If neither 1) nor 2) I'll continue spending too much time in here.
 

What’s the objective evidence for “black swan” Q1 deliveries?

Two months into the quarter I see:
  • No material price reductions
  • Low inventory worldwide
  • No material Fremont production shutdowns except at beginning of January (please lmk if I missed any)
  • Guidance that MY production would not impact M3 production
  • Record deliveries in China in January for 1st month of quarter
  • Strong European incentives and demand for EVs, especially in UK, France, Germany — three largest European car markets
  • Model 3 new orders shifted to May delivery throughout Europe and Asia relatively early in quarter — “sold out” for Q1 outside NA
  • Likely increasing China deliveries through end of Q1 as GF Shanghai ramps
  • Small but larger than expected contribution from Model Y deliveries
  • covid-19 data suggests reduced risk of su
Looks to me that a record delivery quarter is much more likely than a “black swan” quarter.

Most likely scenario IMO is a surprise to the upside on deliveries.
What is this “covid-19 data suggests reduced risk of su”? What is su?
 
This year - IF CV-19 outbreak leads to large scale shutdown of society in EU and US.

CV19 is a potential black swan event.

See this post for why I think in the US - an outbreak is difficult to contain.

Coronavirus

I think the risk is honestly more to Q2 than Q1 at this point.
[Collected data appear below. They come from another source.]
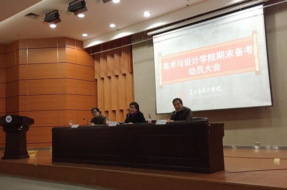 为了激励学生主动复习,自信迎考,诚信应考,营造良好考风学风。1月7日下午,色色小说 在南校雁山厅举行了2014-2015学年第一学期期末备考动员大会。出席此次会议的有学院党总支书记郑彩莲、副院长蔡可群和副书记杨振海,以及全体大一新生与老生代表。杨振海副书记主持会议。首先,蔡可群副院长围绕学院“学风建设年”的实施背景,结合艺术专业的学习特点,从学习态度、学习方式与学习方法等角度阐述了学风建设在人才培养过程中的重要性,并强调考风是学风建设的集中体现,也是彰显公平竞争的具体体现。随后,郑彩莲书记针对期末备考与诚信考风做了严爱相济、语重心长的指导讲话。她指出,诚信作为新时期社会主义核心价值观的重要内容,是衡量个人品行优劣的道德标准之一。她结合具体案例从考风形势预判、考风违纪预案处置、考风信息及时传递、诚信考风人品考量等方面强调了“诚信考试是硬道理”的理念。她强调党支部、团委、班委要做好诚信考风的宣传工作,更要发挥模范带头作用,以良好的考风促学风。她希望同学们能够自觉遵守考场纪律,让考场成为一片公平角逐、展现实力的净土。她更希望能够看到一个大家都你追我赶,求知若渴的美院,而每一个置身其中的人都能感到欣慰和自豪。最后,杨振海副书记勉励同学们在期末考试中,不仅要交出专业知识的水平之卷,更要交出诚信的品行之卷。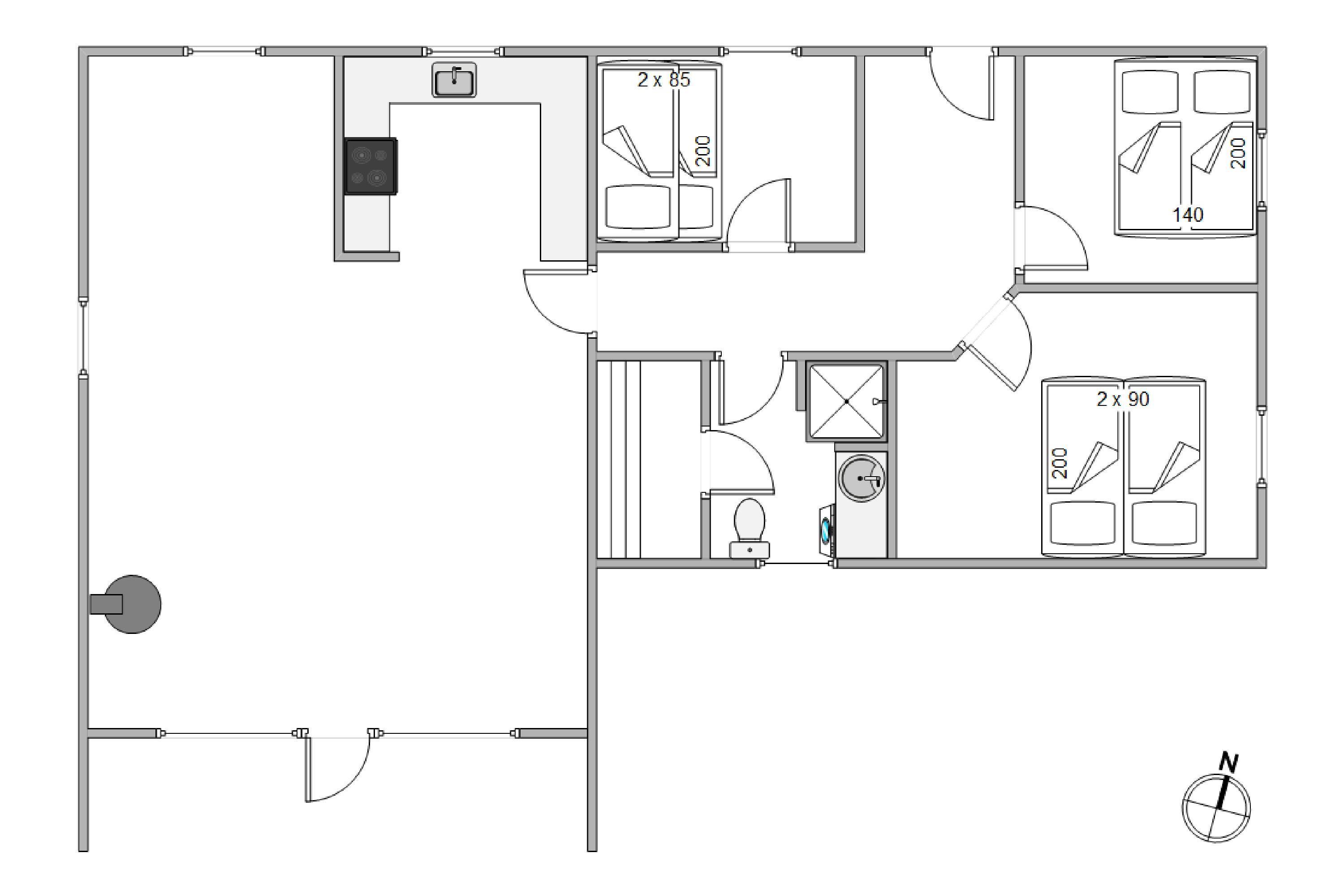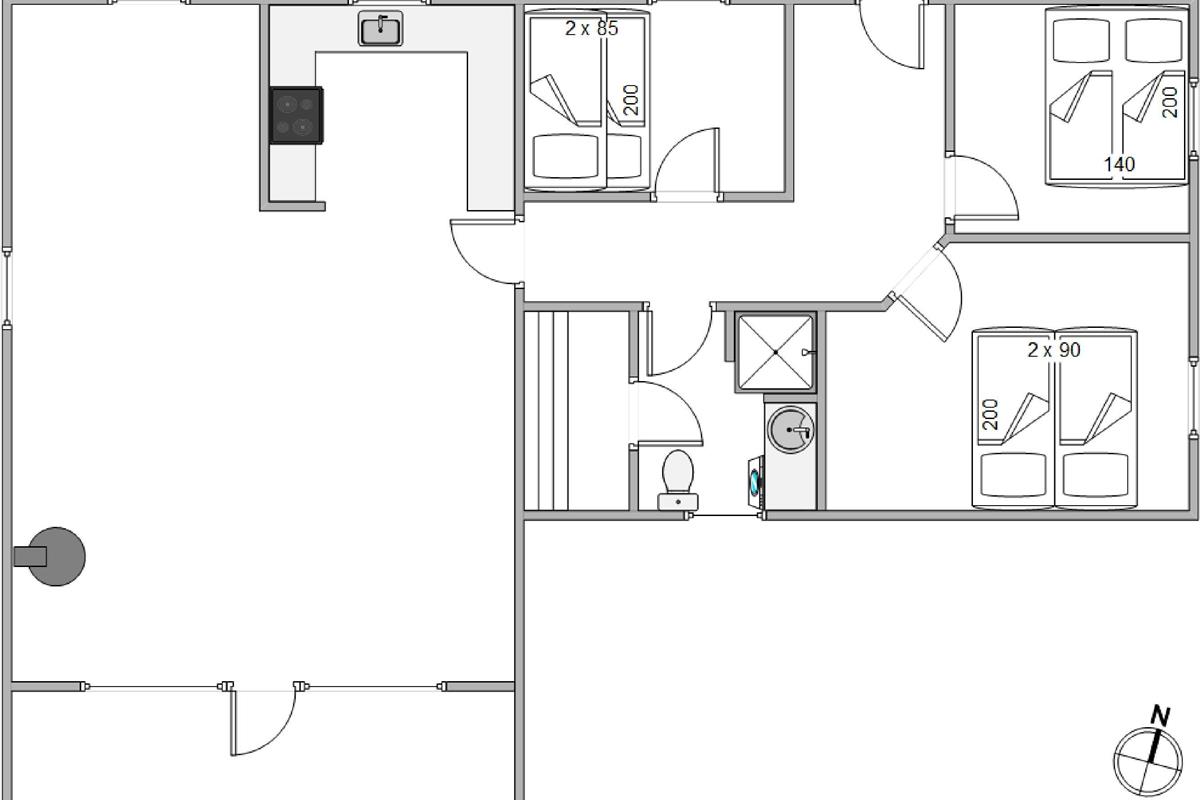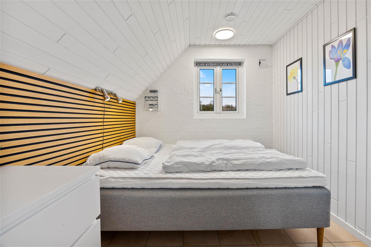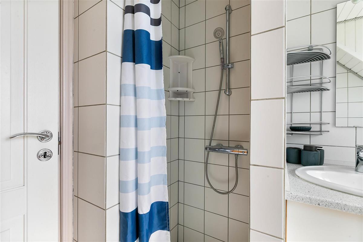 The holiday home has 3 spacious bedrooms with underfloor heating. Two bedrooms feature double beds, while the third has bunk beds for children. The bathroom also benefits from underfloor heating and includes a walk-in shower. Here you'll also find access to the sauna, where you can take a relaxing break from everyday stress.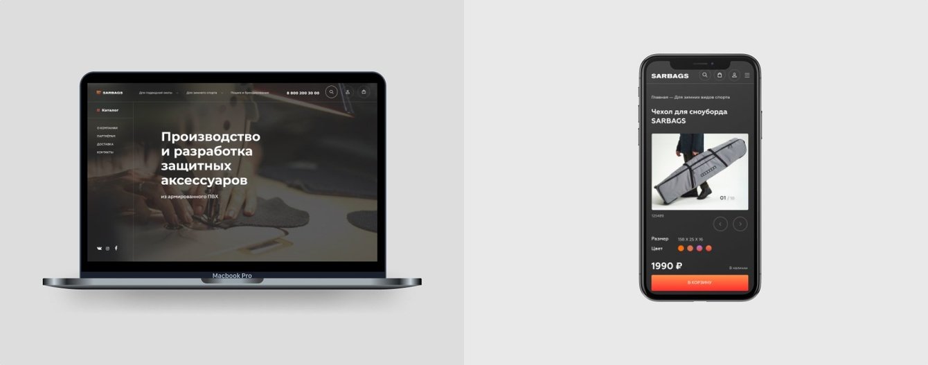 Sarbags 10 лет производят и брендируют снаряжение для спорта и отдыха. Они делают рюкзаки, гермомешки, сумки и аксессуары. Перед тем, как запустить товар в массовое производство его тестируют в дикой природе. Если товар прошел проверку — запускают в массовое производство, нашли недочеты — отправляют на доработку и повторное испытание. По заказу делают индивидуальный пошив. Sarbags расширила свой ассортимент товарами для спорта. Чтобы соответствовать новому направлению компании потребовалось обновление фирменного стиля и логотипа. Для масштабирования продаж — сайт с функционалом интернет-магазина. Проект должен был отражать характер компании и ее подход к клиентам и продажам.

I think Tesla's nimbleness will be an advantage to enabling them to come up with creative solutions but I worry about impacts to supply chain as well as people who were planning to order a car deciding to wait out of caution about the macro situation.
 
Yes. Anyone thinking Model 3 sales won't be affected by CV are not facing reality.
I fully expect later today or tomorrow there will be a Fed induced bounce in markets. And most people on TMC will crow that there's nothing to worry about, "look how clever I am for buying loads of calls into the dip". And then before long the market will carry on correcting.

Meanwhile Tesla's management are behind the scenes wargaming how exactly they execute the backloaded Q1 delivery process, while keeping their staff and customers safe. Their experience in Shanghai will have informed a further plan on how to maintain supply chains and operations in Fremont as well as possible. But I imagine they understand better than anyone that the risk is no longer insignificant that at some point Fremont production might need to be curtailed or even suspended for a period. Pick your own percent probability for this but it's something which probably now deserves to be in the model because I'm quite sure it's in Kirkhorn's own cashflow model.

It is telling that in recent days Musk has been quiet/neutral on Twitter. I think he understands exponentials and the raise was nothing to do with the share price spike, it was because he saw what might unfold and grabbed the money while the market was stuck in complacent mode.

As we go into Q2, the awful economic data will begin hitting the wires. This will cause a much bigger stir then China PMIs did. Then Q1 reporting season. Corporates will have a strong incentive to "kitchen sink" their Q1 results, which will lead the market down again. As for TSLA specifically, I can't see why Tesla's approach would be any different. One imagines some nuance will be added to their 2020 forecasts.

In the backdrop of this wider data and worried conversations with their managers/colleagues, most people will be reconsidering whether now is the right time to buy that brand new car. I can't see why Tesla Model 3 would be better protected from this tendency than BMW, Audi or whoever else. This demand shock will come as a shock to a certain type of financially independent millionaire that crops on TMC, who can't conceive why anyone might defer a big purchase because of the economy. Model Y will be ok because of the huge demand backlog. Possibly MIC Model 3 for the same reason, hard to say. But outside of that the numbers could be far weaker than most assume.